ABOUT THIS EXERCISE: Take the lines below from the one with "Maryland Gazette Collection" through the one with "MNM Couture K3840" and print only them, exactly. Don't print the pictures.

TASK INPUTS:
---------------
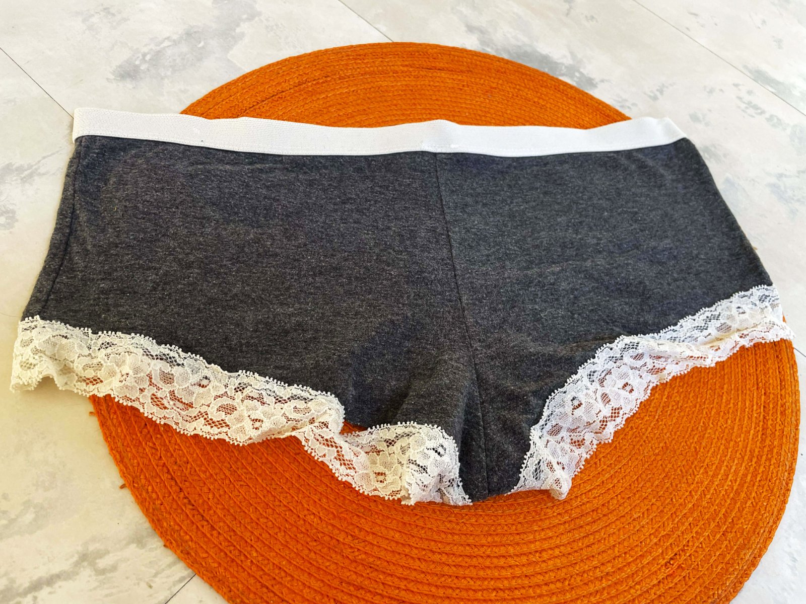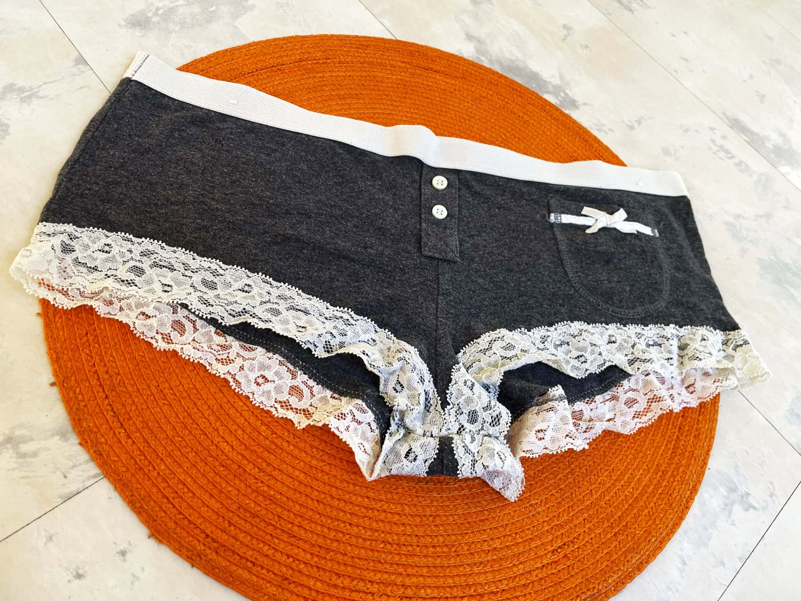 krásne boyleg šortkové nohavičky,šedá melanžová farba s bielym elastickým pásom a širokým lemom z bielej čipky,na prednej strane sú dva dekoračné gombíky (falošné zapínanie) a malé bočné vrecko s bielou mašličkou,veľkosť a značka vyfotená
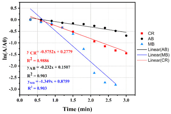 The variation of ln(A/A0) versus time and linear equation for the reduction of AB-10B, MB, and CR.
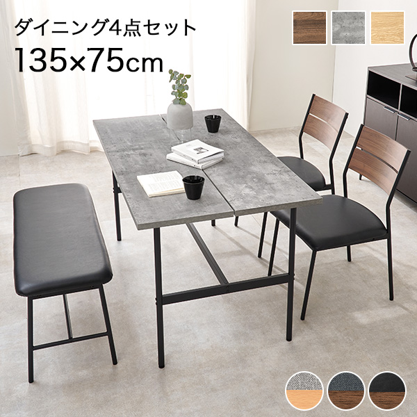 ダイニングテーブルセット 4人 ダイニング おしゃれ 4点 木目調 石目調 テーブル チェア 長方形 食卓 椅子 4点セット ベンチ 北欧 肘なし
---------------
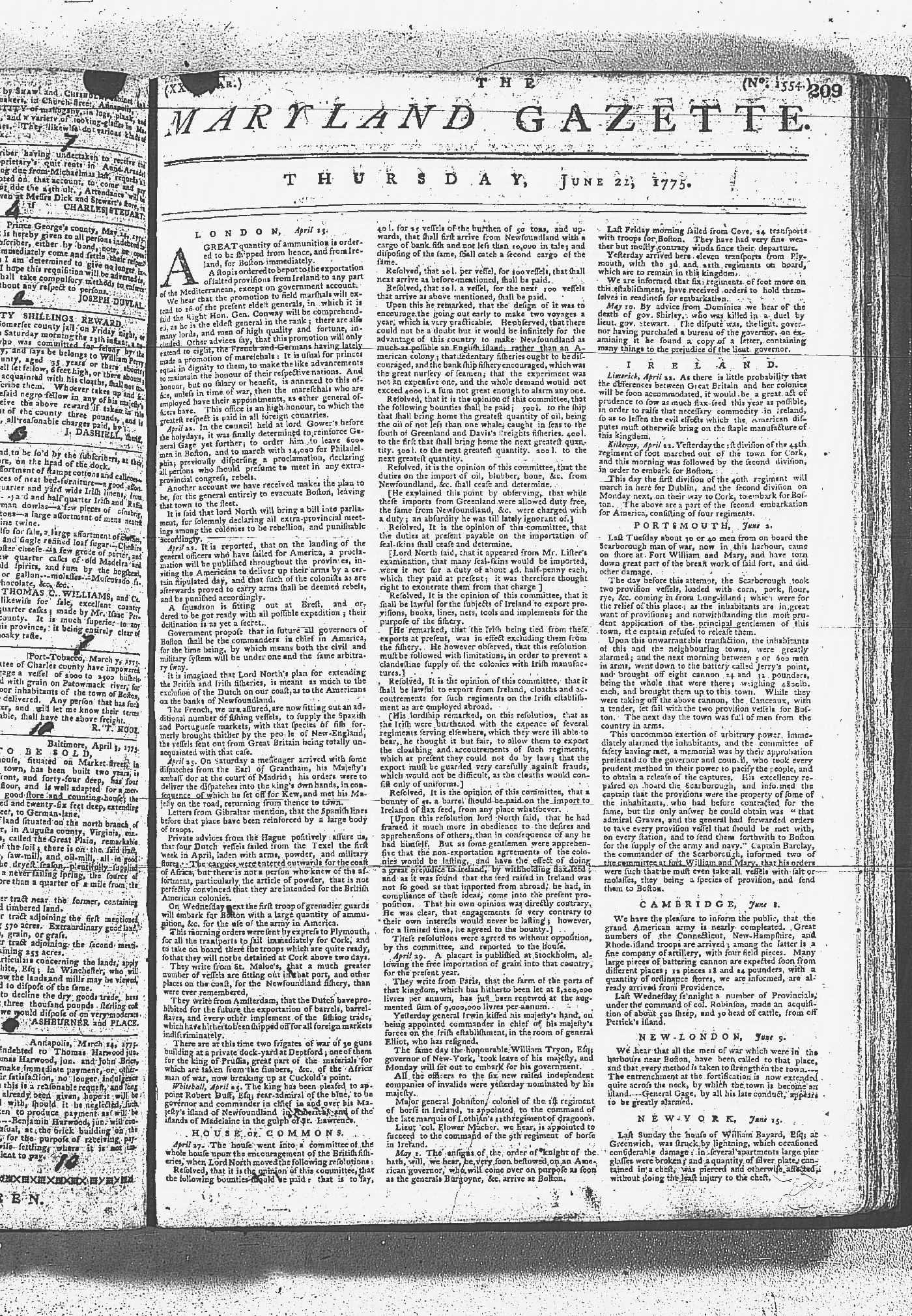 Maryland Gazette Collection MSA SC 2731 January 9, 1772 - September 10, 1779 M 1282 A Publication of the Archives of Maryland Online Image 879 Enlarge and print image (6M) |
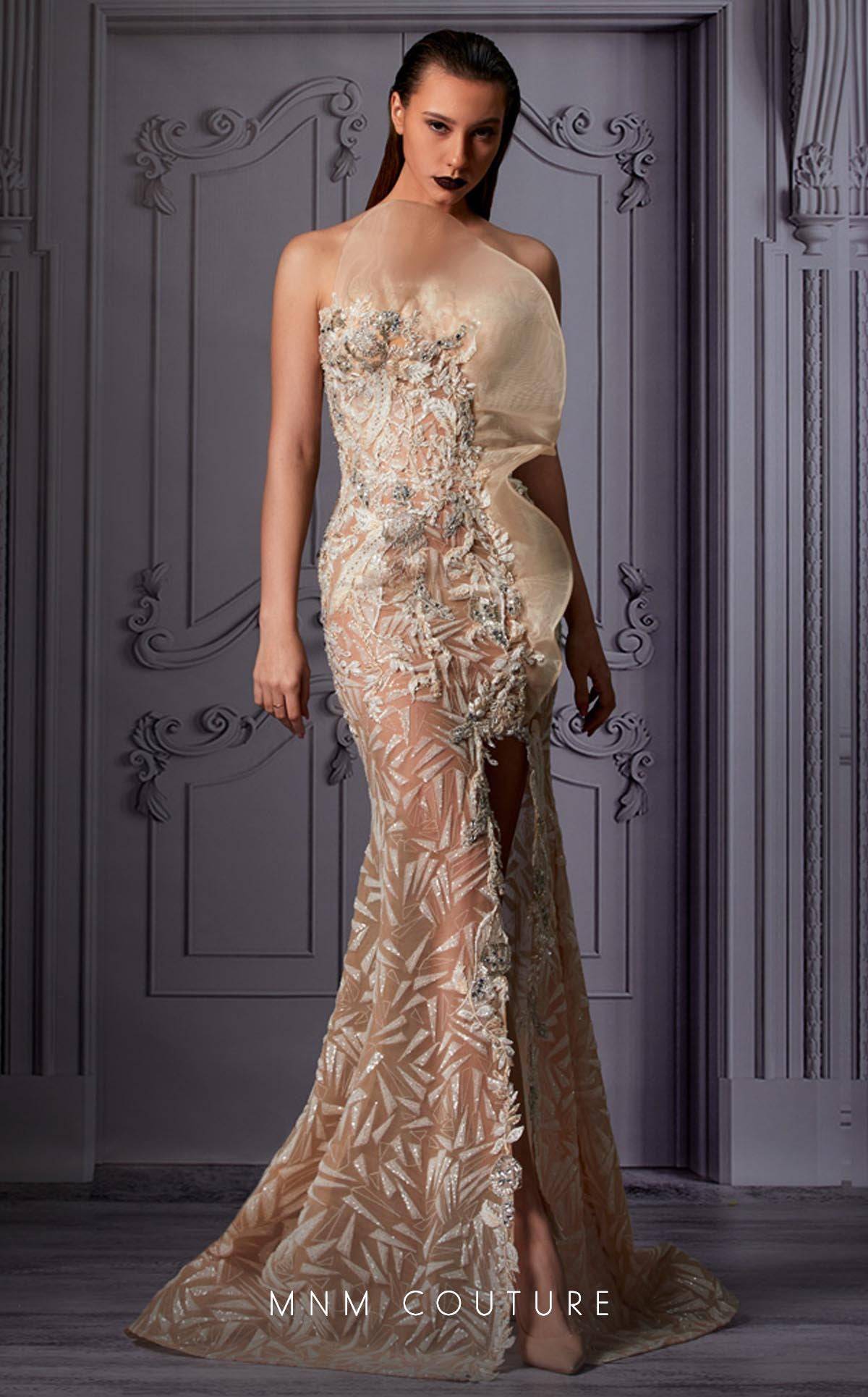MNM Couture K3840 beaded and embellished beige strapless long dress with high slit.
---------------
ANSWER TO THIS TASK:
 Maryland Gazette Collection MSA SC 2731 January 9, 1772 - September 10, 1779 M 1282 A Publication of the Archives of Maryland Online Image 879 Enlarge and print image (6M) |
MNM Couture K3840 beaded and embellished beige strapless long dress with high slit.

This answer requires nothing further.